Monday, October 15, 2012

Globalisation of floods: The start of hundred years of change in Nigeria. By Dele Sobowale


“Climate change is more threatening than people realize”- Dr Kim, CNN, October 12, 2012.

Another climatologist has gone further by stating that climate change and the advent of perennial floods are already reshaping civilization as we know it and very few countries will emerge intact from the impact of climate change. Nigeria is no exception. Countries with long coastal regions and many rivers, which hitherto had benefited from water provided by rivers, seas and oceans will be the hardest hit.

It was in the 1980s that globalisation of markets became the mantra of the leading thinkers in management studies. “In today’s market you don’t have to go abroad to experience international competition. Sooner or later, the world comes to you”. “Harvard Business Review, March-April, 2002”. (VANGUARD BOOK OF QUOTATIONS p75). That explains why no sooner than a new product is released in America, Japan, China, etc, and it is available in Nigerian  markets.

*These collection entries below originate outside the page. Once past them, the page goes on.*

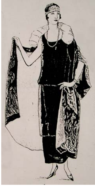
Resim: 7 Anonim1923e. Süs Dergisi

kullanılmıştır. Peluş çanta dönemin moda aksesuarları arasında yer almaktadır (Süs Dergisi, 1923c).
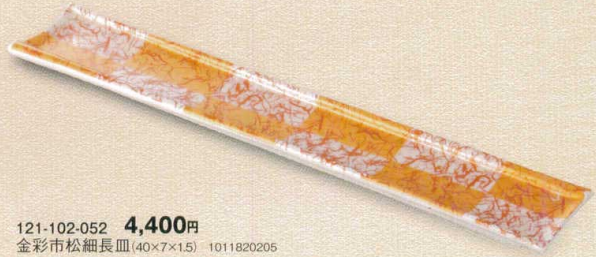
121-102-052 4,400円 金彩市松細長皿(40×7×1.5) 1011820205
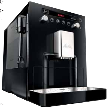
Der Kaffee-Vollautomat „CAFFEO Bistro“ verbraucht weniger Energie

verschiedenen Kaffeestärken ausgewählt werden – von extra mild bis extra stark. Als einziges Gerät seiner Klasse hat die „Gourmet“ einen Zwei-Kammer-Bohnenbehälter. So können Kaffee-Genießer zwischen zwei verschiedenen Bohnen wählen. Der Drehschalter „Rotary Switch“ und ein übersichtliches Text-Display erleichtern die Bedienung und Programmierung bei der Kaffeezubereitung. Die „CAFFEO Gourmet“ ist ab November 2011 im Fachhandel erhältlich.
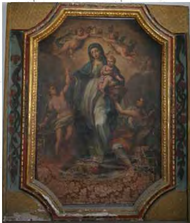
Il quadro prima del rstauro
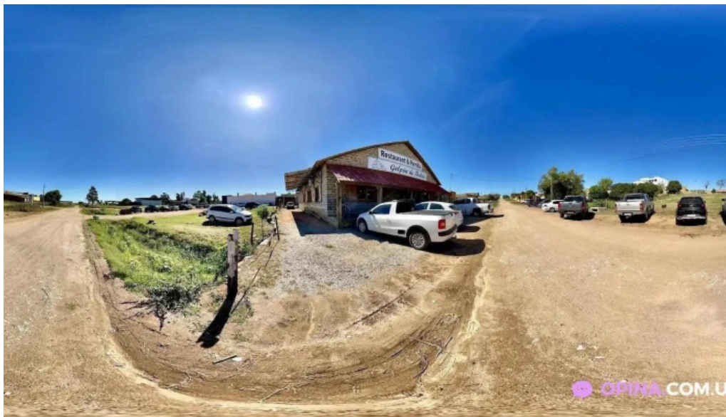
Restaurant parrilla galpon de piedra street view y 360
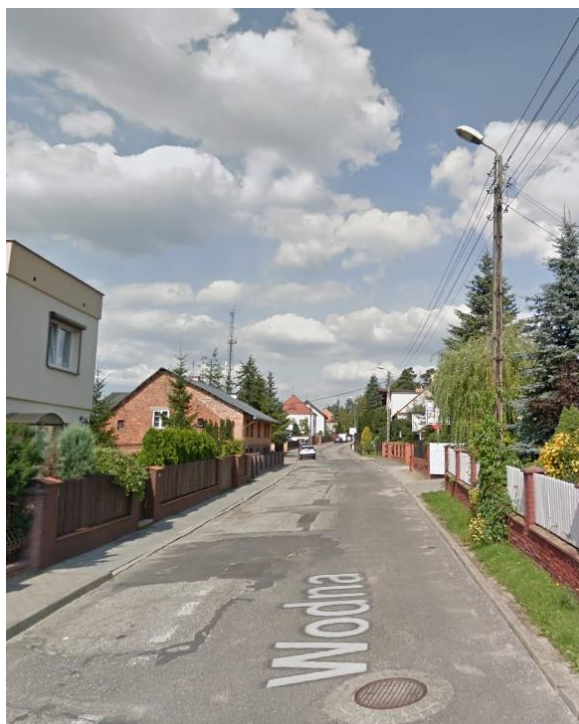
Zdjęcie nr 1 Widok słupa nn 0,4kV z oprawa oświetleniowa

Obecnie wzdłuż ulicy Wodnej i Łąkowej w Murowanej Goślinie prowadzona jest sieć niskiego napięcia 0,4kV należąca do ENEA Operator. Ulica doświetlona jest przez oprawy ENEA Oświetlenie, które znajdują się na słupach przesyłowych sieci nn 0,4kV.
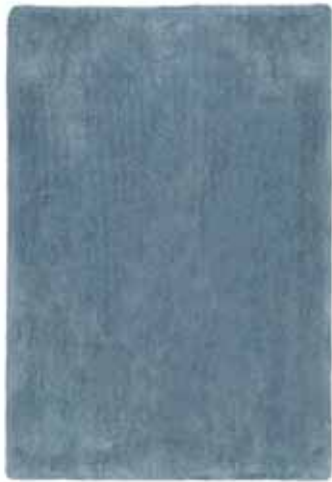
CARPET RELAXX 160x230 cm € 299,00
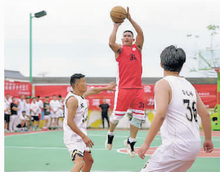
9月22日，茅草村代表队与商会代表队在改造后的篮球场进行友谊赛。

Unfortunately, it is not products, services and ideas that are being globalised; the miseries of climate change brought about mainly by the economic and social activities in the leading economies, USA, China, Japan, Europe, Russia, Brazil, and Asian Tigers are being visited on rich and poor countries alike. Nigerians and other African countries, which account for less than three per cent of global output of goods will pay a disproportionate share of the penalties of globalization of floods.

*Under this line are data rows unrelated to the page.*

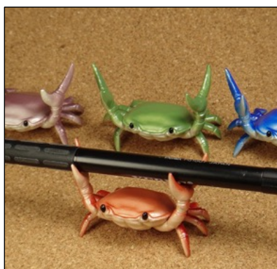
カニペンホルダー by アーニトル
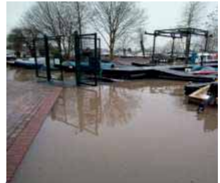
Nog 1 cm. En het water staat op de Zuidwal.
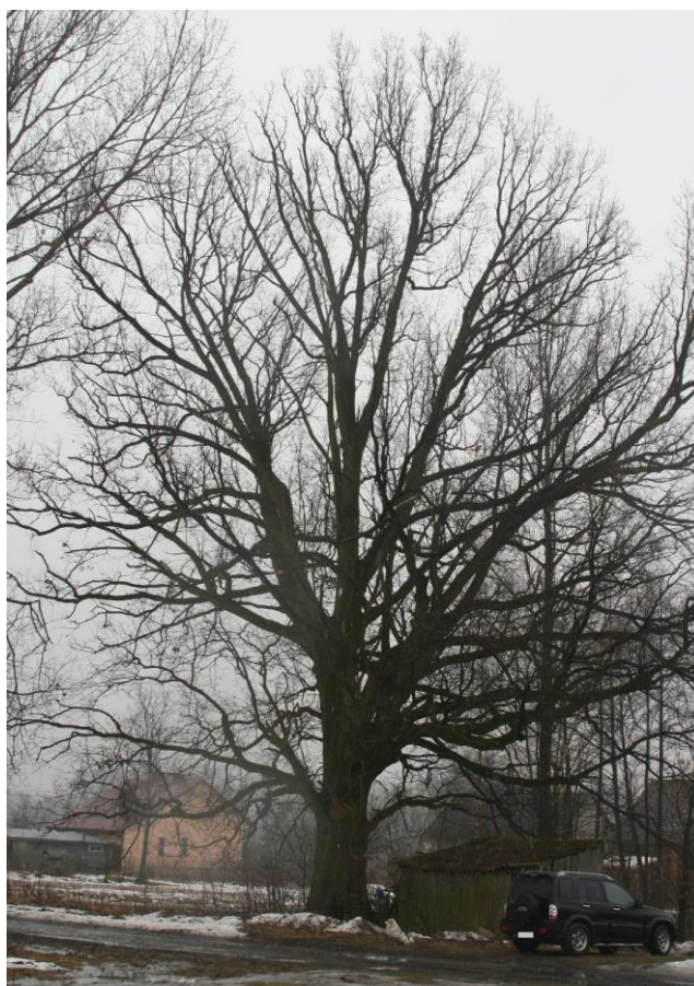
Fot. 1 Pomnik przyrody gat. dąb szypułkowy zimą

Jesienią 2017 r. planuje się przeprowadzić zabiegi pielęgnacyjne, prowadzące do usunięcia posuszu z korony. Wpłyne to zarówno na walory estetyczne pomnika przyrody, jak i bezpieczeństwo osób znajdujących się w jego obrębie oraz ruchu drogowego.

The devastating floods Nigeria is experiencing in 2012 is not a one-off event; neither did it start a few years ago. The events leading to this year’s catastrophy began hundreds of years ago and will probably escalate in intensity for several decades beyond this year. Without realizing it, 2012 marks the end of economic, social and perhaps political life as we know it in Nigeria.

President Jonathan’s provision of N17.2 billion to the states most directly involved, as well as the administrators of the national response, is a step in the right direction. But, in reality, it amounts to pissing in the desert in order to provide water for irrigation systems. It does not even pay for the enormous challenges facing researchers who must very rapidly provide the master plan for our future survival as a nation under siege of water.

The announcement by Alhaji Aliko Dangote, the co-chairman of the Fund Raising Committee, that the committee will aim for NI00 billion is a step in the right direction – as long as it is realized by all the governments of Nigeria that this is only a small step in a journey of one hundred years or more.

One hundred billion naira does not even begin to address the fundamental problems which perpetual flooding might throw at this nation. To make matters worse, we are not even in total control of our fate. Many parts of Nigeria would have been flooded even without the release of water from two dams.

The first was the Cameroonian dam which devastated further states along River Benue; the second was the dam in Guinea which added to the waters of the Niger and swelled its banks beyond areas hitherto reached by that river.

The two dams are still there and they have been constructed for maximum levels of rainfall far less than what we now experience in the region. So next year, if the rainfall is as heavy as what we now experience, the dams waters will be released again and our territory will be inundated once more. It is difficult to imagine how N17.2 billion or even N100 billion will solve the enormous problems we will have to face henceforth.

For once, President Jonathan enjoys my sympathies because he is confronted with this monster problem, relentless and ruinous floods, which no other leader had ever had to manage and which no leader worldwide was prepared to face so suddenly. At the same time, he can take comfort in the fact that the Chinese had long defined a “crisis” as a mixture of problems and opportunities.

The problems are here quite alright, in gargantuan dimensions; but, there is also a glimmer of hope that Goodluck Jonathan might have been provided with the opportunity to reshape Nigeria in a way no other leader has ever had to do. If Jonathan rises to the occasion, posterity will write his name in gold – irrespective of what the present generation of Nigerians say about his performance. If he fails; our civilsation, as we know it, might never recover from the calamity that will follow.

P.S. Welcome to a new series of articles, starting soon, which will be titled FLOODWATCH. It will be based on real site visits to flooded areas in many states of Nigeria. The government has a job to do; so do the media. Together the first and fourth estates of the realm must educate Nigerians about the novel challenge to our national survival. For once, we cannot start by blaming President Jonathan; even his people at Otuoke are victims.